# Security camera system installer needed



## BananaTom (Feb 16, 2008)

Just received a hard wire security system with eight cameras. I need an installer. Who do you recommend.

Thanks 
BT


----------



## salty_dawg (Mar 21, 2013)

Is the wiring BNC or Ethernet?


----------



## BananaTom (Feb 16, 2008)

salty_dawg said:


> Is the wiring BNC or Ethernet?


Thanks for replying
Not sure what BNC is.

I have the installer coming Wednesday.
I chose Smith Security System, INc.


----------



## Boat-Dude (Sep 24, 2011)

...


----------



## Sequoiha (Sep 28, 2007)

I just installed my own 8 camera system, pain in the ass.


----------



## yz250fridin (Feb 27, 2013)

What systems did you guys get. I have been looking at them for a while just never could pull the trigger.


Sent from my iPhone using Tapatalk


----------



## Sequoiha (Sep 28, 2007)

yz250fridin said:


> What systems did you guys get. I have been looking at them for a while just never could pull the trigger.
> 
> 
> Sent from my iPhone using Tapatalk


I got the Annke , 8 cameras, 1Terabite DVR,


----------



## salty_dawg (Mar 21, 2013)

I've done a couple different ones. The first was Amcrest with a combination of wireless cameras and POE (power over ethernet). That was in an existing construction. The one I'm doing now is Ubiquiti which is probably more involved than the off the shelf solutions (well, more involved relative to how I'm doing it). I've done an evaluation of the Ubiquiti DVR and one of their basic outdoor cameras. I was trying to avoid a solution that requires cloud storage and one that didn't require replacing batteries in cameras.

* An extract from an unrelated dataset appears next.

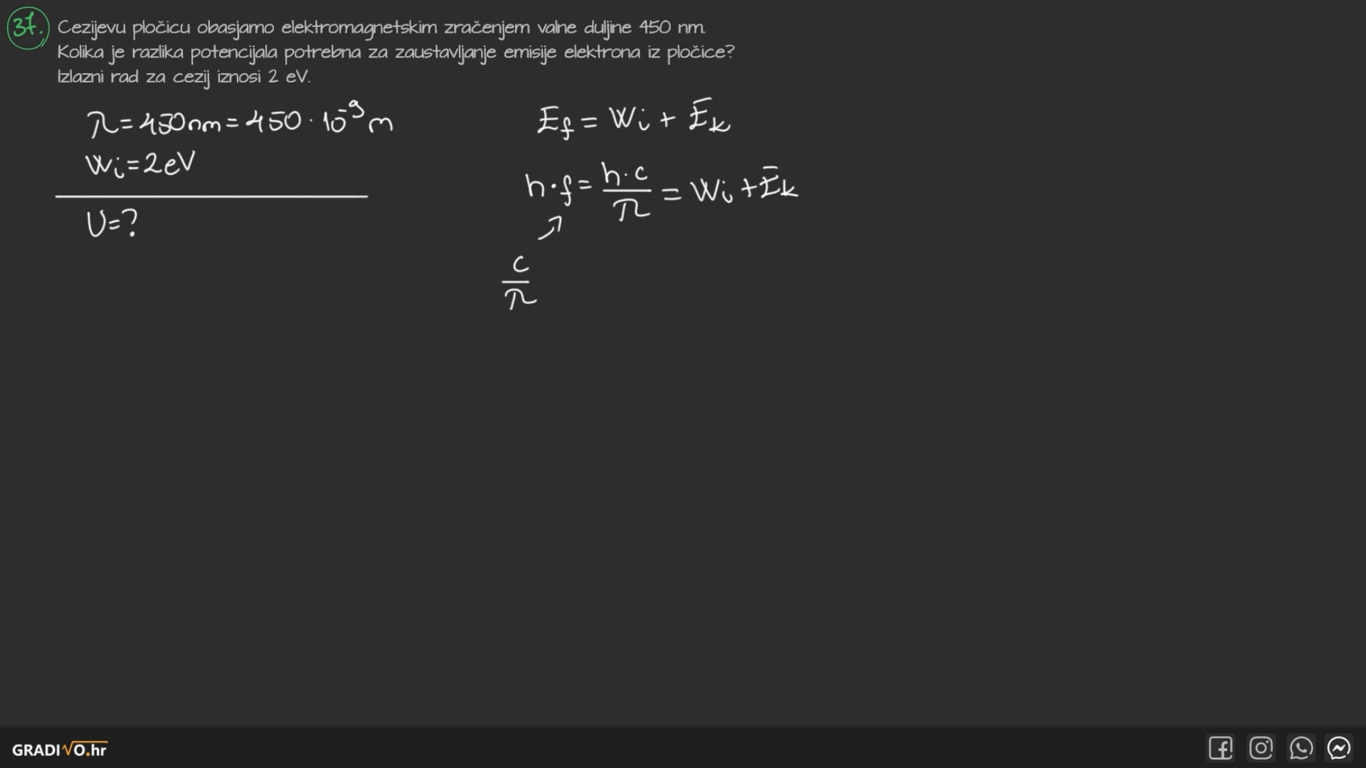 Cezijevu pločicu obasjamo elektromagnetskim zračenjem valne duljine 450 nm . Kolika je razlika potencijala potrebna za zaustavljanje emisije elektrona iz pločice? Izlazni rad za cezij iznosi 2 eV .

So far I like the interface and ease of setup. My current house is under construction so I've been able to run cable to all cameras but will be deploying a couple of the remote POE switches to avoid running multiple runs to the dock and pool areas.

The BNC or coax type systems are less expensive. POE, in my opinion, is easier to install if you have the equipment to terminate your own ethernet cable. The POE systems also allow you to run single runs to a remote POE switch and connect multiple cameras to a single switch. The Ubiquity system creates a mesh network and has higher quality components to connect wireless cameras. My old Amcrest would accept wireless cameras but the quality and reliability of your camera is HIGHLY dependent on how good your wireless connection is. Bottom line, if you have the ability to hard-wire the camera, do it. If not, really evaluate your wireless network and do a lot of home work on how systems facilitate wireless connectivity.


----------



## bukshot01 (Oct 2, 2007)

Call Jerry... He is an installer with a local security camera company. He will run your wires as side work. 850-281-9560


----------



## BananaTom (Feb 16, 2008)

The installers took 4 hours to install the Night Owk 8 camera system. These guys were awesome!!! Ran all 8 wires through the attic and down the wall to my den TV. Then ran one from this location to my office to connect to the wifi. Programmed the system and our two smart phones, highly impressed we are!!!


----------